SUPPLIED DATA:
+ + + + +

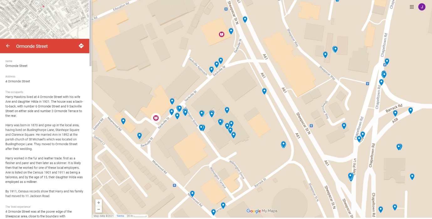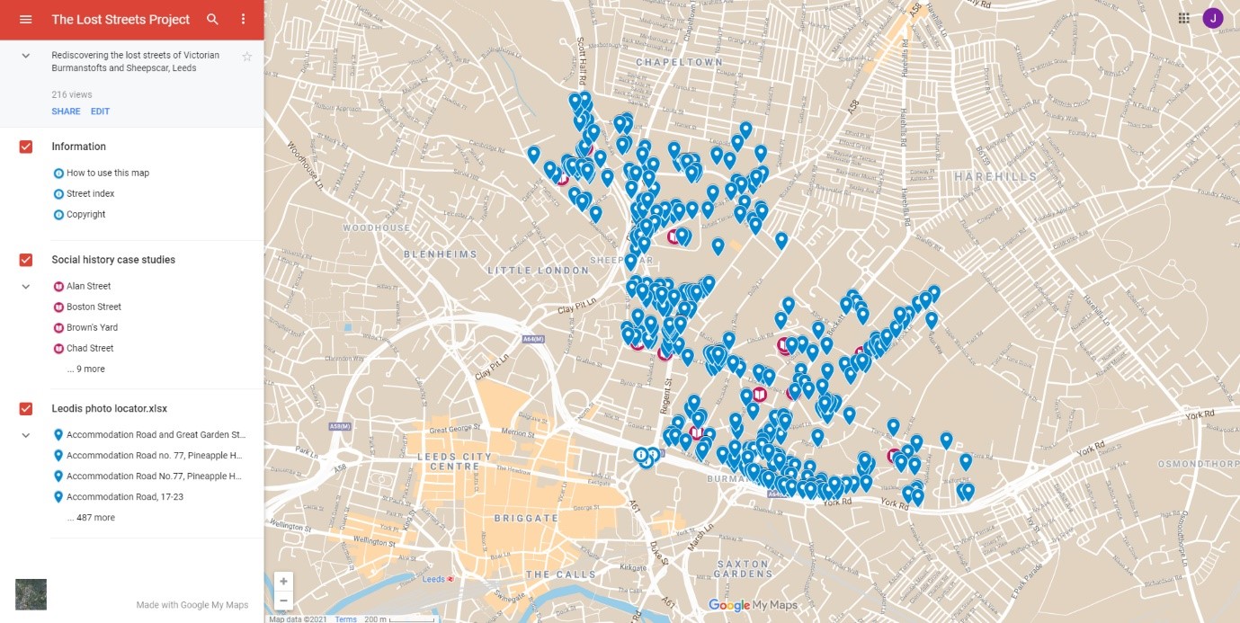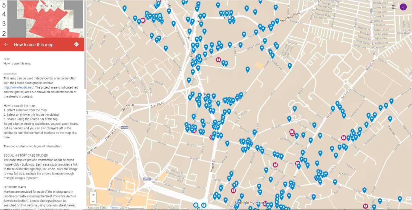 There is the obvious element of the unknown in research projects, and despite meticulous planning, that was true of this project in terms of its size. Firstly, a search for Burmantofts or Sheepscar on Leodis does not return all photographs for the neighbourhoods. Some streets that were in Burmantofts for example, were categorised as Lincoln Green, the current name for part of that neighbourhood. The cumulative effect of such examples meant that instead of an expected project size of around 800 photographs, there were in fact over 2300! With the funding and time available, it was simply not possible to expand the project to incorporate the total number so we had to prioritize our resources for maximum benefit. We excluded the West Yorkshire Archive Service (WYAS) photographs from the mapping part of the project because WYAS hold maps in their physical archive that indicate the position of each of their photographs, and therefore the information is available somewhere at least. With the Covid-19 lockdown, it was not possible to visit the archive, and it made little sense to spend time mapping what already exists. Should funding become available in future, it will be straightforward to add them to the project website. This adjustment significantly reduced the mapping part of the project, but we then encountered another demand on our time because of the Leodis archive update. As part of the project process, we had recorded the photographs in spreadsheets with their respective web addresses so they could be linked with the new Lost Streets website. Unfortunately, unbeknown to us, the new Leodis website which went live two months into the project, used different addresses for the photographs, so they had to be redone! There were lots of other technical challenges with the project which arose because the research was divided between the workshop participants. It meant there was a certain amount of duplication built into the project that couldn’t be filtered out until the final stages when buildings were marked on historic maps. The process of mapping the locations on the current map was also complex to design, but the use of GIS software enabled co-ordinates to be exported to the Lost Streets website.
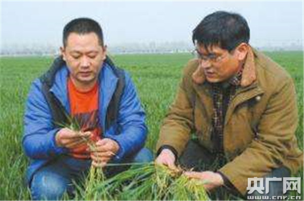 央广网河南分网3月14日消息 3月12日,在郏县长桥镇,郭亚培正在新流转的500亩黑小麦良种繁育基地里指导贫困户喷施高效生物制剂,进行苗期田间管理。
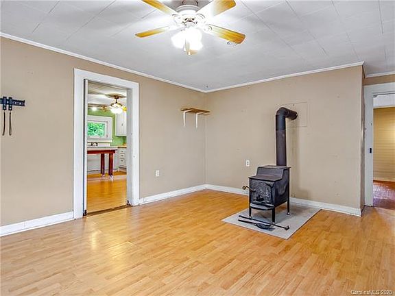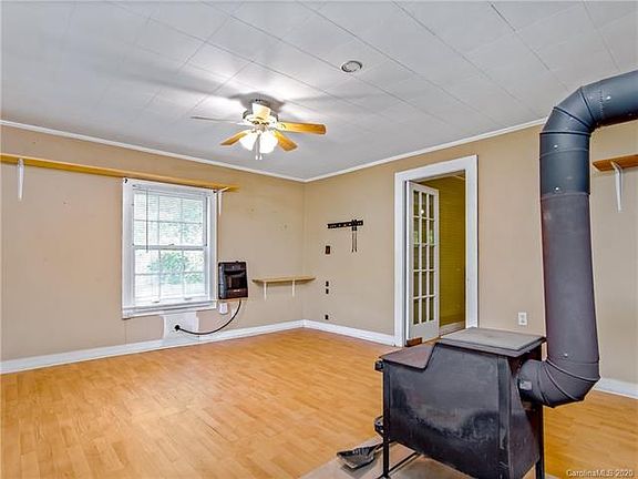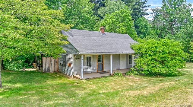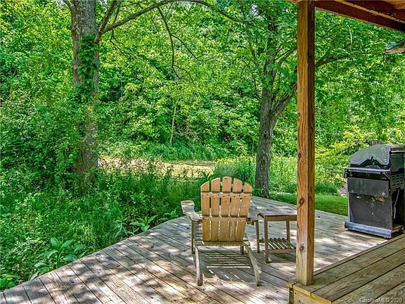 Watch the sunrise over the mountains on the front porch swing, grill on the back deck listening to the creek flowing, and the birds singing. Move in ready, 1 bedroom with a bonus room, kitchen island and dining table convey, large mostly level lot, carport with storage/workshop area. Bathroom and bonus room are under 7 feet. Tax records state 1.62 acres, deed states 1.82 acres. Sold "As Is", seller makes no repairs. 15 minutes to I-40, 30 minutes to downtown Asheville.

+ + + + +

REQUIREMENT: Output, exactly and without pictures, the span of lines that starts at the line containing "央广网河南分网3月14日消息" and ends at the last line above.

RESULT:
 央广网河南分网3月14日消息 3月12日,在郏县长桥镇,郭亚培正在新流转的500亩黑小麦良种繁育基地里指导贫困户喷施高效生物制剂,进行苗期田间管理。
 Watch the sunrise over the mountains on the front porch swing, grill on the back deck listening to the creek flowing, and the birds singing. Move in ready, 1 bedroom with a bonus room, kitchen island and dining table convey, large mostly level lot, carport with storage/workshop area. Bathroom and bonus room are under 7 feet. Tax records state 1.62 acres, deed states 1.82 acres. Sold "As Is", seller makes no repairs. 15 minutes to I-40, 30 minutes to downtown Asheville.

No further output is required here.